**** PROVIDED DATA ****

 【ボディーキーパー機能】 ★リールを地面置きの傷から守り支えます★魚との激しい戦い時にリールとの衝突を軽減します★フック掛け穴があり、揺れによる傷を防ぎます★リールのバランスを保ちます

****
**** PROVIDED DATA ****

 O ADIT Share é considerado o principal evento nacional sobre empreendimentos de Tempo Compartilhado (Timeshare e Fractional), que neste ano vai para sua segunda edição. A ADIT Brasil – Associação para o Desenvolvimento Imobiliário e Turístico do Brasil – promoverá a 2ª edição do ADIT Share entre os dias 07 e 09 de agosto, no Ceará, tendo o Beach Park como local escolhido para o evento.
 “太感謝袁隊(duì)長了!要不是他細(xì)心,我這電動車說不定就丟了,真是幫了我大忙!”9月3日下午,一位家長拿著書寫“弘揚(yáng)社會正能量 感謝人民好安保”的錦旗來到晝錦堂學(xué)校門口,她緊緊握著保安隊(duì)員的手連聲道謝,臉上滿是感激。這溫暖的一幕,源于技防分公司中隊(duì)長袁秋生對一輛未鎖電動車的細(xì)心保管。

****
**** PROVIDED DATA ****

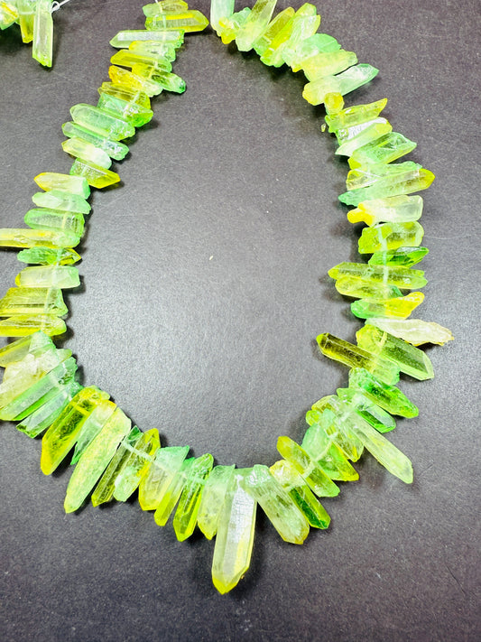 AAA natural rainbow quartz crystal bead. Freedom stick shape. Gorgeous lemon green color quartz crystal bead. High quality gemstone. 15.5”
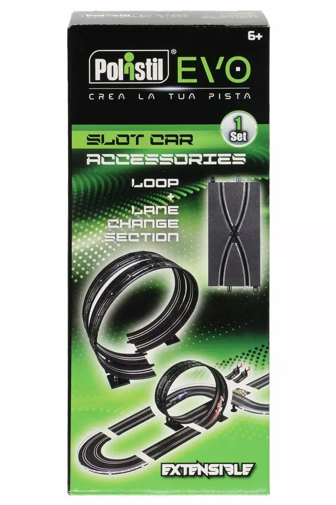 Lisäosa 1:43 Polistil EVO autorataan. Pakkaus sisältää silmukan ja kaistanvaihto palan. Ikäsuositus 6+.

****

Working from the entries above, reproduce exactly and only the lines beginning with the line that has "AAA natural rainbow" and ending with the line that has "Lisäosa 1:43 Polistil"; omit all pictures.

 AAA natural rainbow quartz crystal bead. Freedom stick shape. Gorgeous lemon green color quartz crystal bead. High quality gemstone. 15.5”
 Lisäosa 1:43 Polistil EVO autorataan. Pakkaus sisältää silmukan ja kaistanvaihto palan. Ikäsuositus 6+.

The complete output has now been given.